I stopped caring where they took me about fifteen minutes ago. They would probably just throw me right back into the cell afterwards. It makes sense that they would want to continue monitoring me. After all, I was such a “long-awaited success” to their agenda. I can let them use me, use my body. Maybe I could make a bargain to see my friends again. To see her again. They were all probably dead or on the verge of it, but trying wouldn’t hurt.
There’s a shift in the air.
I can feel a pull in my chest.
It tells me to keep moving.
Less than twelve paces later, I see it. I see the red hair that I had run my fingers through so many times. It’s her. She’s here. She’s suffering.
Curled into herself next to the drain on the floor, my love, my best friend, was gray and frail compared to the strong and radiant woman I loved. Her hair was brittle now, losing color at the tips and not the root like it was supposed to. Like how it would have looked when we finally grew old together. We would never have that now.
They took that from us.
They took her from me.
They did this to her.
And they would live to regret it.
I reach for the power that had stolen sleep from me for all those nights. It all happened so fast, but before I could fully comprehend it, the guards who surrounded me were on the floor. Good. Let them lie there.
Though my steps thundered through the corridor, they felt light to me. Lighter than the touch I gave to the glass, making it shatter. I don’t even feel the shards digging into my hands and feet as I climb through the window to her.
My knees hit the floor one at a time. I have never knelt for anyone, for anything. Not even God on the two or three times I bothered to attend a Church service. The exposure would have been dangerous, but sometimes, you just feel that powerless. Like the world is so out of your control that you end up asking for help from something you know you don’t believe in.
God can not possibly exist if He brought me here; if He brought us here. If He brought upon us the government that uses His scripture to validate bringing hell to us before we even get the chance to meet Him.
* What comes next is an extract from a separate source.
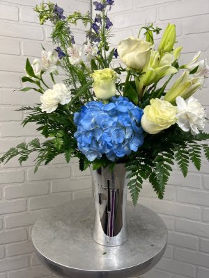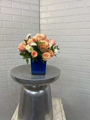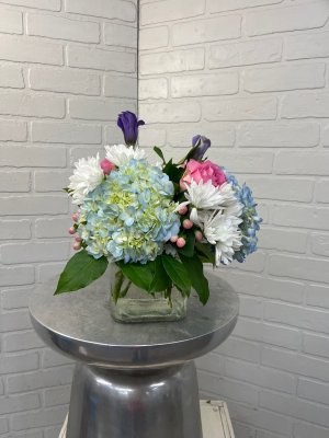 This is VERY disappointing. I bought an arrangement when roses and hydrangeas. Substituting the small carnation-looking flowers is disappointing. Also the use of the cobalt vase with the color of flowers was not in the original picture and does not look good. This is my first time to order from you and may be my last.

But she believed in Him.
She always had hope that the world would turn out the way it was supposed to if we worked hard and had faith. One day, we would see the world He wanted us to have because of our devotion to following His will and not the government’s. It changed nothing. He still made her brother sick; He probably had His hands on him, too, and it was obvious this was the last place we would be before we met Him. But she was not His yet.
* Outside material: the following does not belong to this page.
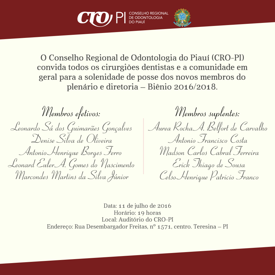O Conselho Regional de Odontologia do Piauí (CRO-PI) dá posse à nova diretoria em solenidade no auditório da sede, no centro de Teresina, na próxima segunda-feira (11), às 19h. A diretoria é composta de cinco membros efetivos e cinco suplentes que irão cumprir mandato durante o biênio 2016/2018.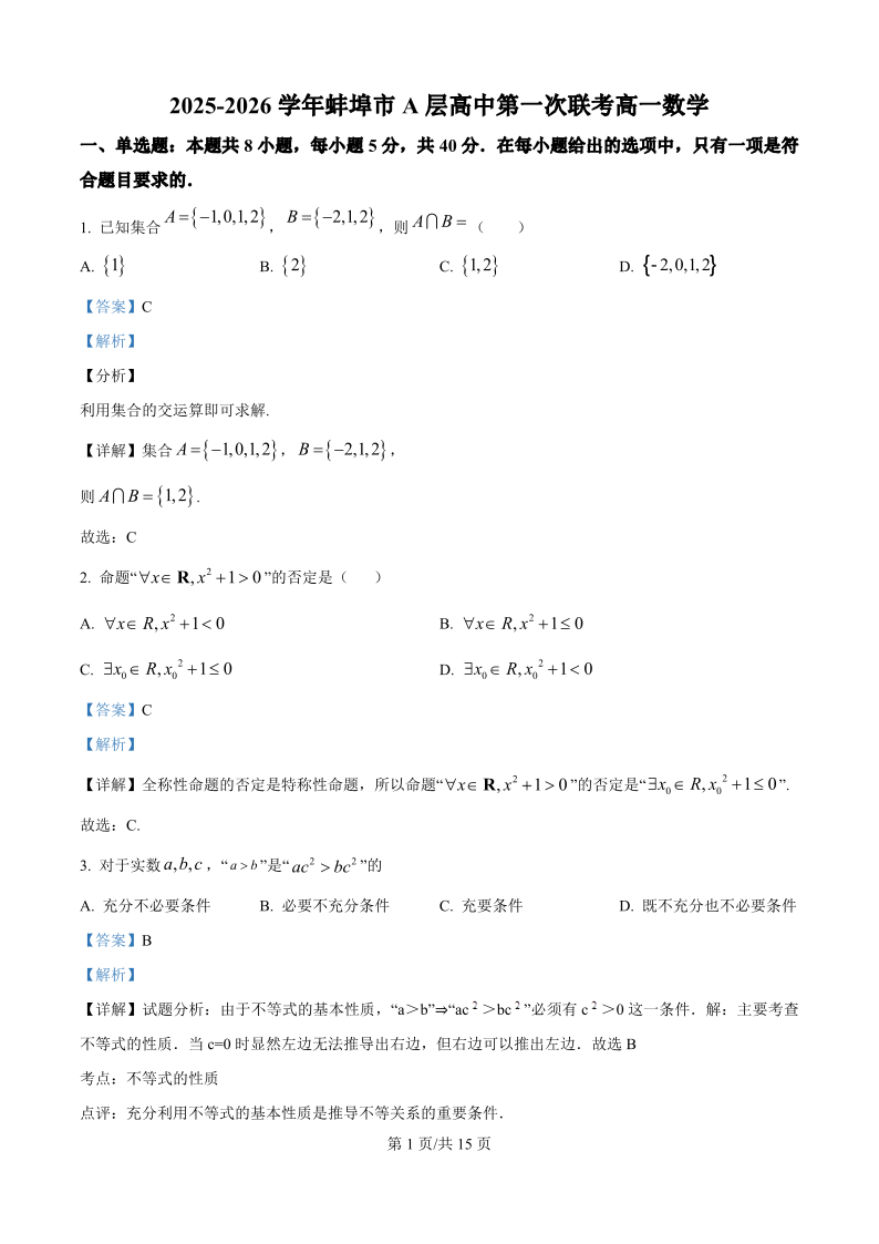高三数学(精品解析版)--安徽省蚌埠市A层高中2025-2026学年高一上学期10月月考

Gently pulling her onto my lap, I hold her head in my hand and reach for her hand in my other one. Her breaths are shaky, eyes barely open. Through the tiny slivers between her eyelids, recognition washes over her hazel irises, like the tears that begin to gather at mine. A spark of light shone through the one that manages to escape and land on her cheek.
Almost a second after it makes contact with her skin, the light in her eyes went out. All her breathing ceases and muscles go lax. Everything stops; time, my heart, my will to live.
Though, it resurfaces as something new and dangerous. They might have said they made me to protect them, but I knew I was really a weapon for anyone like I used to be. Weak in the body but strong in the mind. People with enough willpower to set the world on fire.
If I was to be the match, her death was my kerosine. And it would drive me to burn them down. One. By. One.